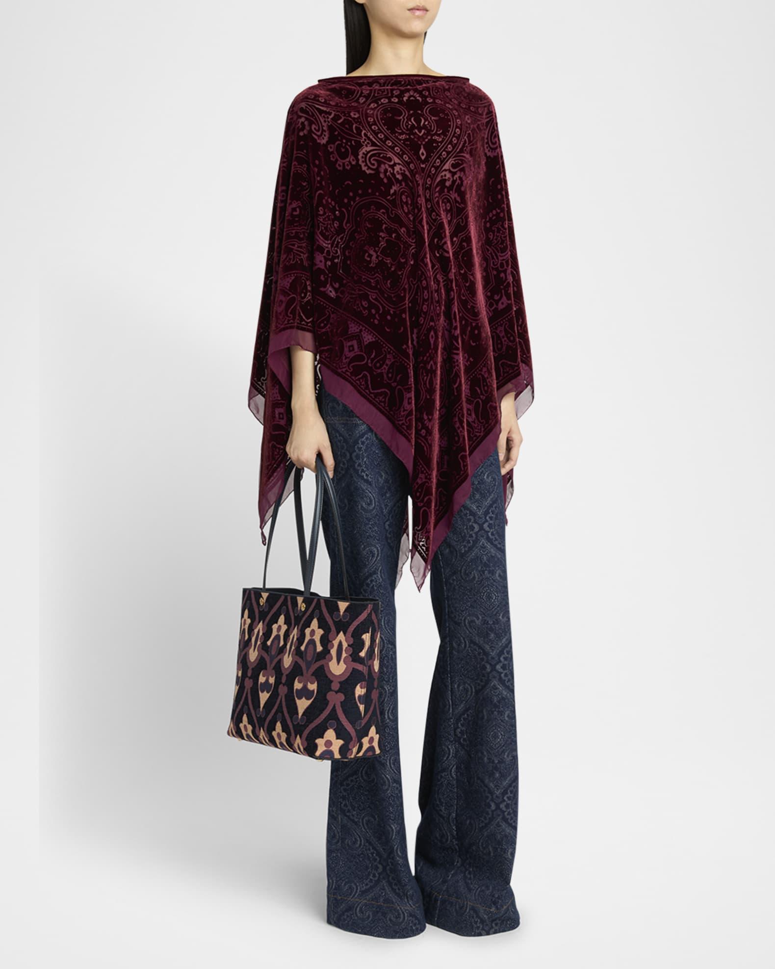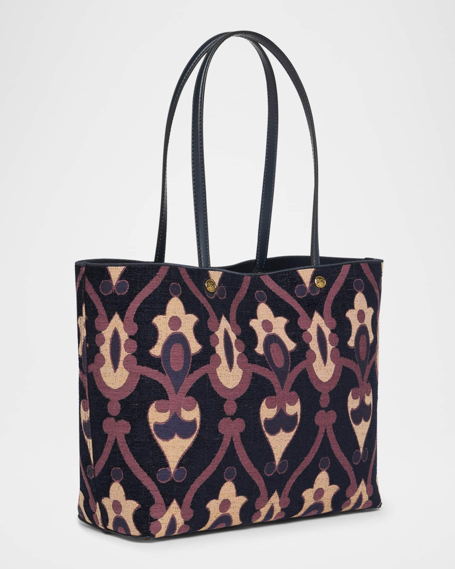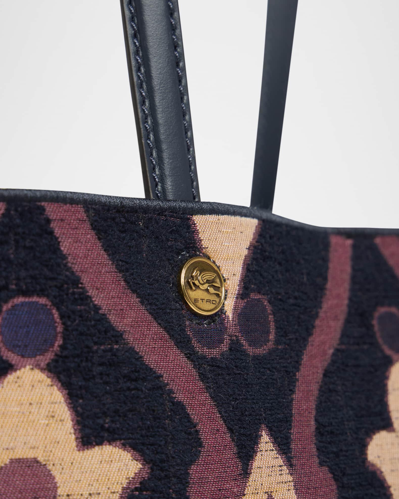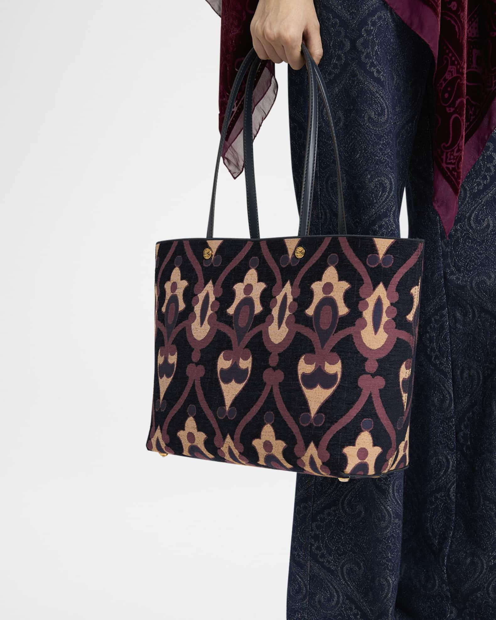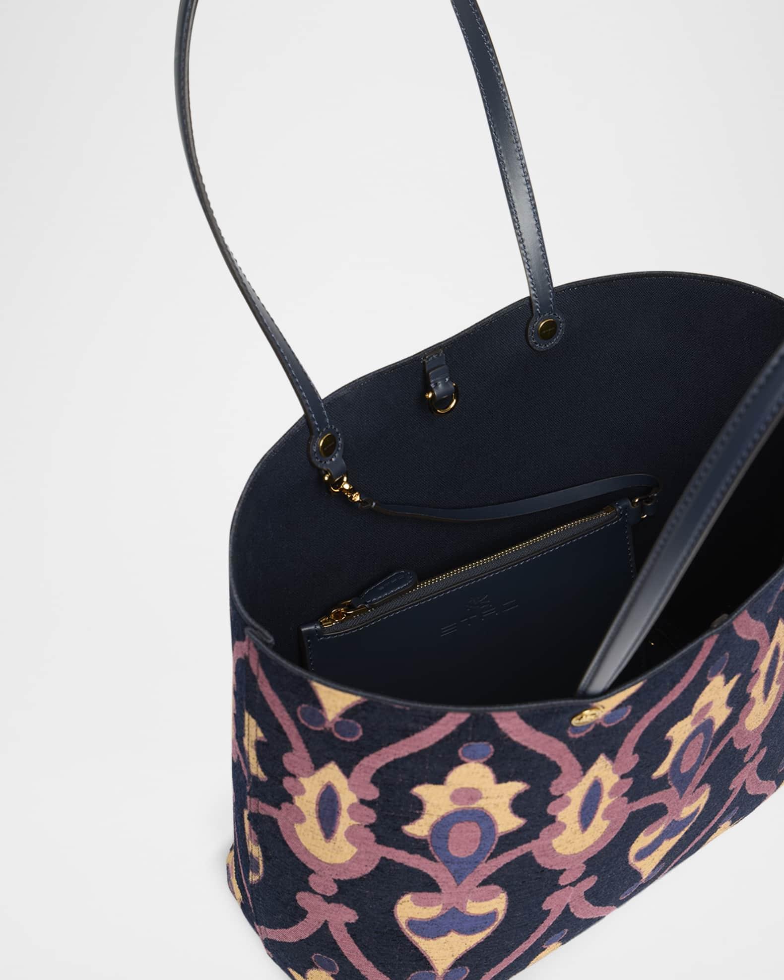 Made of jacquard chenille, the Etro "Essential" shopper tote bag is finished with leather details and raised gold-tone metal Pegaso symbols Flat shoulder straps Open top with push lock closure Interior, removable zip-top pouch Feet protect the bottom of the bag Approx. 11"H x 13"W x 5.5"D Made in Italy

--

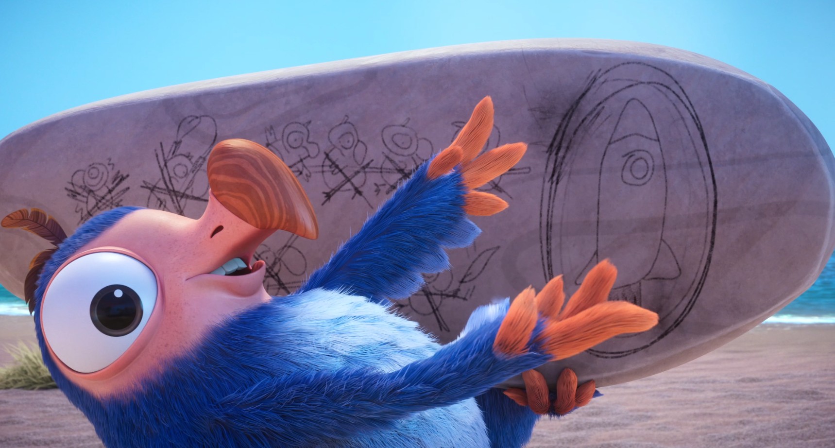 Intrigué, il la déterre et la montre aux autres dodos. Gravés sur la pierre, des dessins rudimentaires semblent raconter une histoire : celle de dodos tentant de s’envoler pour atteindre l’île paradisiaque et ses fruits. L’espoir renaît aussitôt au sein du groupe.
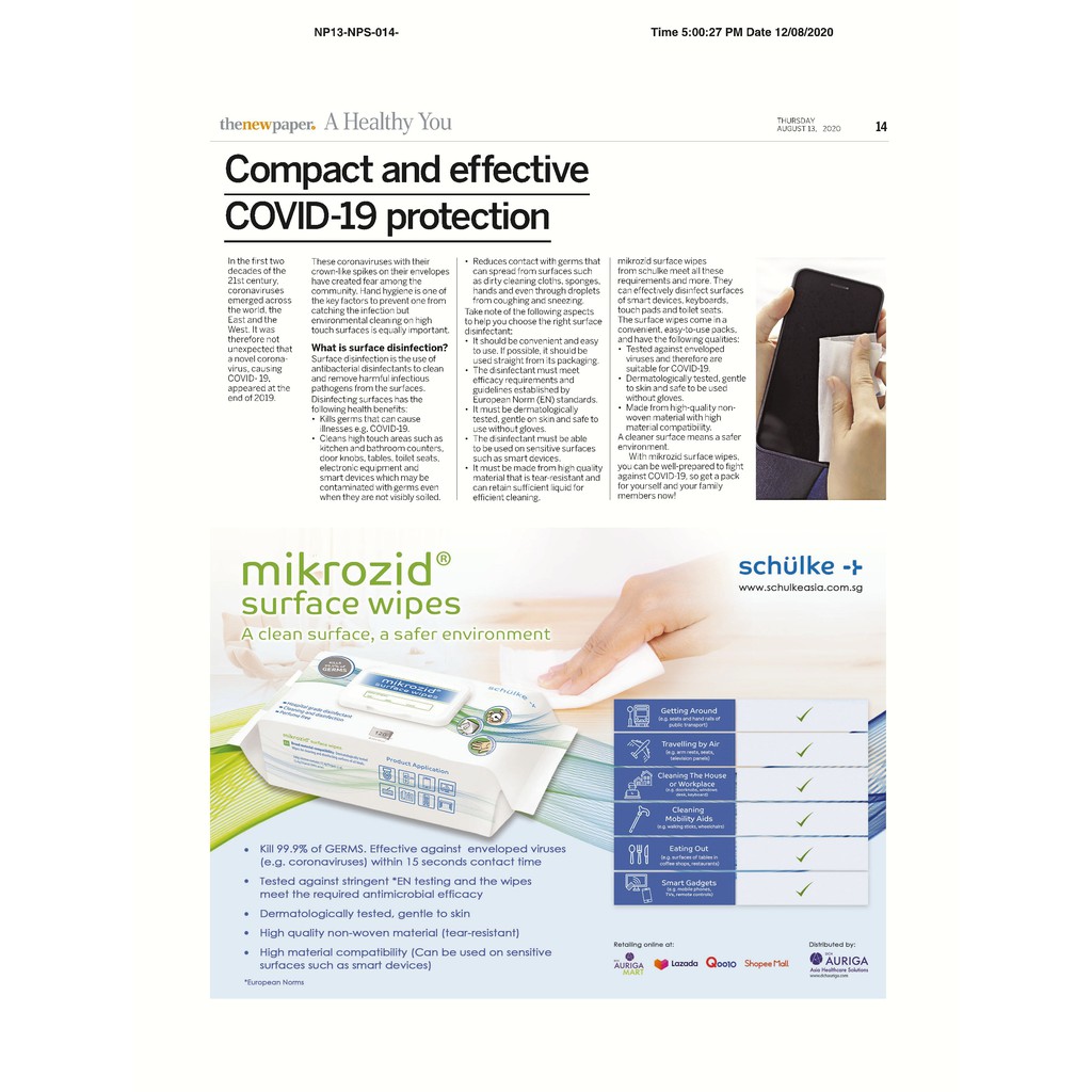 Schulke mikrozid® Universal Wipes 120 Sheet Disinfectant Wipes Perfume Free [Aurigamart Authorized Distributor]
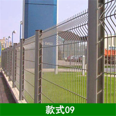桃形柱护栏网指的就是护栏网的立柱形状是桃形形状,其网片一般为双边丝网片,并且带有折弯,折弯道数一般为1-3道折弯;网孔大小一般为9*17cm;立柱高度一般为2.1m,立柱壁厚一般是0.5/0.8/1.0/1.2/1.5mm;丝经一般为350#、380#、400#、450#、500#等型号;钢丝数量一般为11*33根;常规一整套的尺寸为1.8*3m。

▶ **EXERCISE OBJECTIVE**
Copy out exactly the material that runs from the line with "Schulke mikrozid® Universal" to the line with "桃形柱护栏网指的就是护栏网的", ends included, and leave the pictures behind.

▶ **FINISHED TASK**
 Schulke mikrozid® Universal Wipes 120 Sheet Disinfectant Wipes Perfume Free [Aurigamart Authorized Distributor]
桃形柱护栏网指的就是护栏网的立柱形状是桃形形状,其网片一般为双边丝网片,并且带有折弯,折弯道数一般为1-3道折弯;网孔大小一般为9*17cm;立柱高度一般为2.1m,立柱壁厚一般是0.5/0.8/1.0/1.2/1.5mm;丝经一般为350#、380#、400#、450#、500#等型号;钢丝数量一般为11*33根;常规一整套的尺寸为1.8*3m。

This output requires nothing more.